Next, AT&T signed up its first Android smartphone, but opted to use Yahoo! for its embedded search engine, making it the first carrier to not stick with Google on an Android handset. It remains to be seen if AT&T will continue to embed Yahoo! in future phones, but its best seller, the Apple iPhone, defaults to Google instead.

Microsoft’s Bing is still playing a role, too, with an exclusive deal with Verizon Wireless for its BlackBerry handsets. But, VZW has its far share of Google search-enabled Android devices. It is getting to be a confusing market, as carriers put monetizing mobile Web usage ahead of loyalty to a partner.

In a report released last month, consulting firm Deloitte forecasted that mobile search applications will become one of the five most used smartphone applications by the end of this year. That will be driven in part by the fact that on any operator, consumers can easily use whichever search provider they desire through the mobile Web or one of these alternative apps. There may be a workaround, but for most consumers who just use mobile search as a means to an end, they will simply go with what’s there.

At the same time carriers are putting their stakes in the ground, all three of the search giants, as well as a host of smaller players, are focusing their efforts squarely on the mobile platform. Yahoo! has been restructuring its business of late to put mobile at the core, effectively dissolving its separate, siloed mobile division. In the past few weeks, the company has introduced a mobile-oriented blog, unveiled a new social pulse feature on its mobile platform and shed a few of its senior mobile executives, including Mitch Lazar, mobile general manager, who resigned this week.
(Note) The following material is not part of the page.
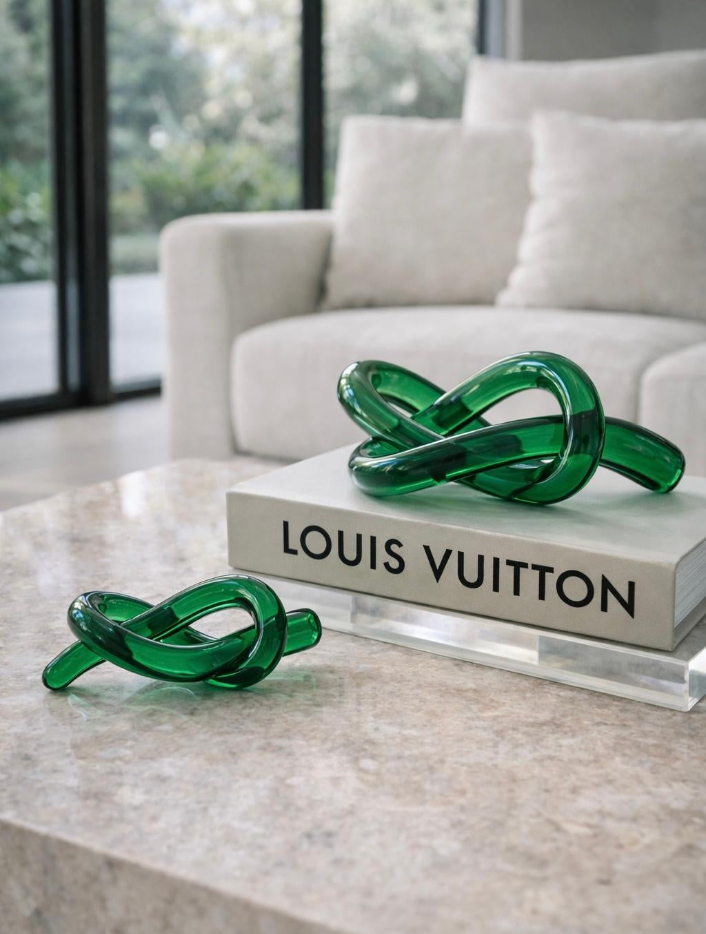 זוג פסלי קשר מזכוכית בגוון ירוק עמוק שמוסיף טאץ’ יוקרתי ומודרני לכל סטיילינג. פריטי נוי לבית כאלה יוצרים מוקד עניין אלגנטי ונראים מעולה כחפצי נוי על כל משטח.

Google, too, is emphasizing its mobile ambitions. Next week it plans to hold an “educational Webcast” to inform the market of its mobile strategy, which CEO Eric Schmidt promised Mobile World Congress attendees was the most important part of its good intentions.

There are still more questions right now in mobile search: In its never-ending bid to one-up Google, will Apple replace Google with Bing on the iPhone as rumored? Will it change if AT&T loses exclusivity? Will AT&T continue to embed Yahoo! in its four other Android phones coming out this year? Will VZW adopt Microsoft’s first Windows 7 phones with Bing? Hopefully we’ll have some answers soon.

Google is still outperforming its competitors on mobile today, but with all the switch-ups and carrier courting going on, things should get more interesting for all the players involved.

E-mail me at sarah.reedy@penton.com.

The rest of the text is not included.